Data records:

_ _ _ _ _

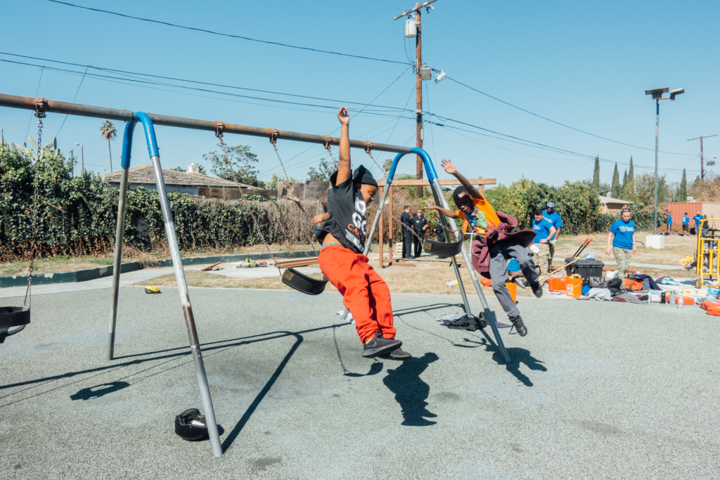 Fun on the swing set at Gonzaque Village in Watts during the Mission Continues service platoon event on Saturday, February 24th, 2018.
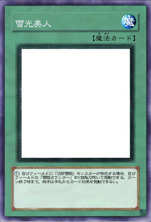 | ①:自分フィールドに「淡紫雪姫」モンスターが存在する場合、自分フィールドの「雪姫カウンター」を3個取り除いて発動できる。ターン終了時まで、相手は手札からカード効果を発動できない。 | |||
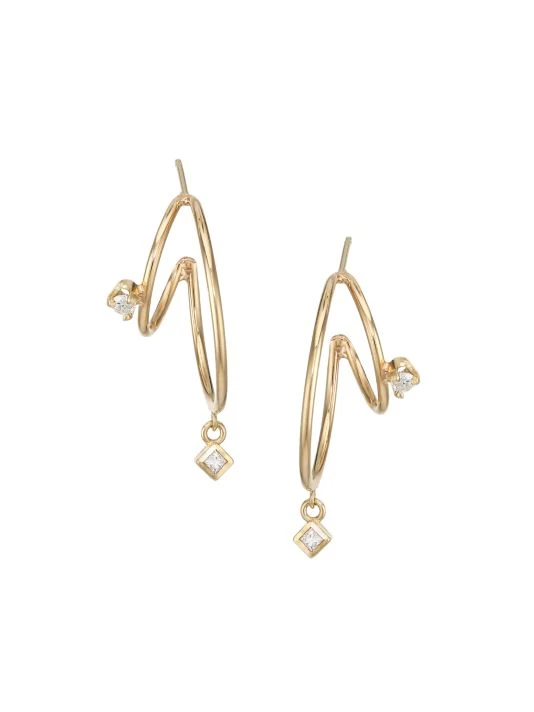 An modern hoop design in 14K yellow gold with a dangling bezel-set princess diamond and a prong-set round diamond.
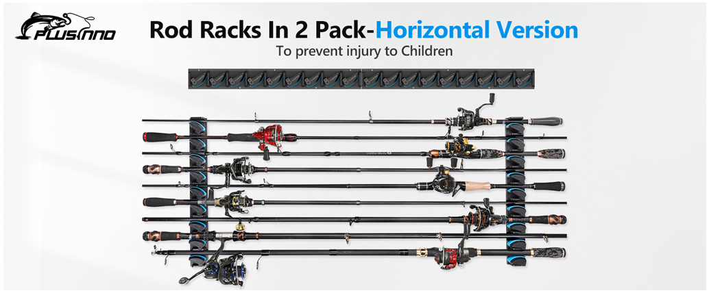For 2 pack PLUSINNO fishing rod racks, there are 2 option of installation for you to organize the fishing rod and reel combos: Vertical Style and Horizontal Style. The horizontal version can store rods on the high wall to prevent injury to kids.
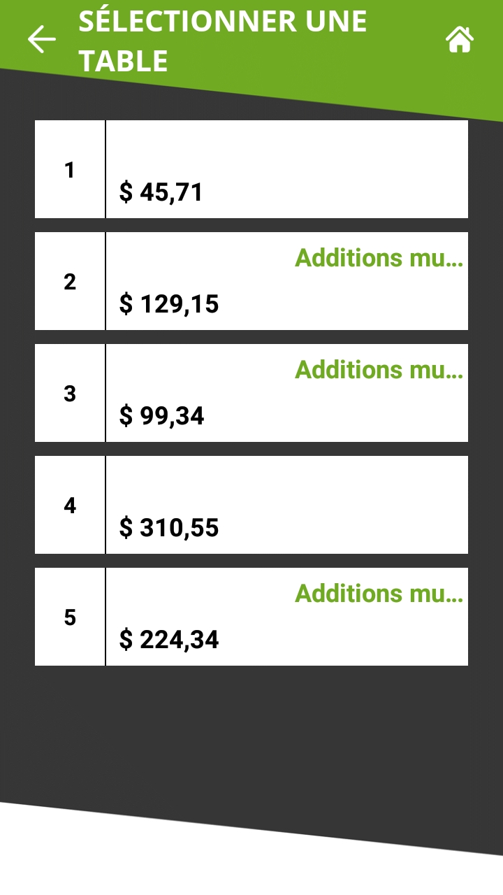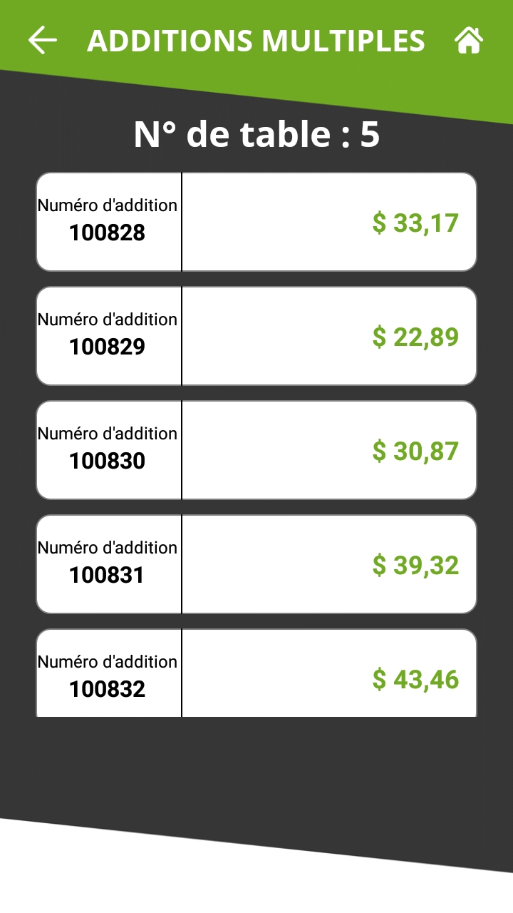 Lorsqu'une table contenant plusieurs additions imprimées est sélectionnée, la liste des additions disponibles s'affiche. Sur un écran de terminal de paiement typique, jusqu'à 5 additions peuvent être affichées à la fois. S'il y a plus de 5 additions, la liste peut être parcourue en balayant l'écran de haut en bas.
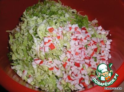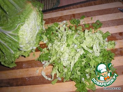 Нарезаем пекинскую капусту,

_ _ _ _ _

◆ Problem description
Your task is to repeat the records exactly. Images do not belong in the copy.

◆ Output of the task
 Fun on the swing set at Gonzaque Village in Watts during the Mission Continues service platoon event on Saturday, February 24th, 2018.
 | ①:自分フィールドに「淡紫雪姫」モンスターが存在する場合、自分フィールドの「雪姫カウンター」を3個取り除いて発動できる。ターン終了時まで、相手は手札からカード効果を発動できない。 | |||
 An modern hoop design in 14K yellow gold with a dangling bezel-set princess diamond and a prong-set round diamond.
For 2 pack PLUSINNO fishing rod racks, there are 2 option of installation for you to organize the fishing rod and reel combos: Vertical Style and Horizontal Style. The horizontal version can store rods on the high wall to prevent injury to kids.
 Lorsqu'une table contenant plusieurs additions imprimées est sélectionnée, la liste des additions disponibles s'affiche. Sur un écran de terminal de paiement typique, jusqu'à 5 additions peuvent être affichées à la fois. S'il y a plus de 5 additions, la liste peut être parcourue en balayant l'écran de haut en bas.
 Нарезаем пекинскую капусту,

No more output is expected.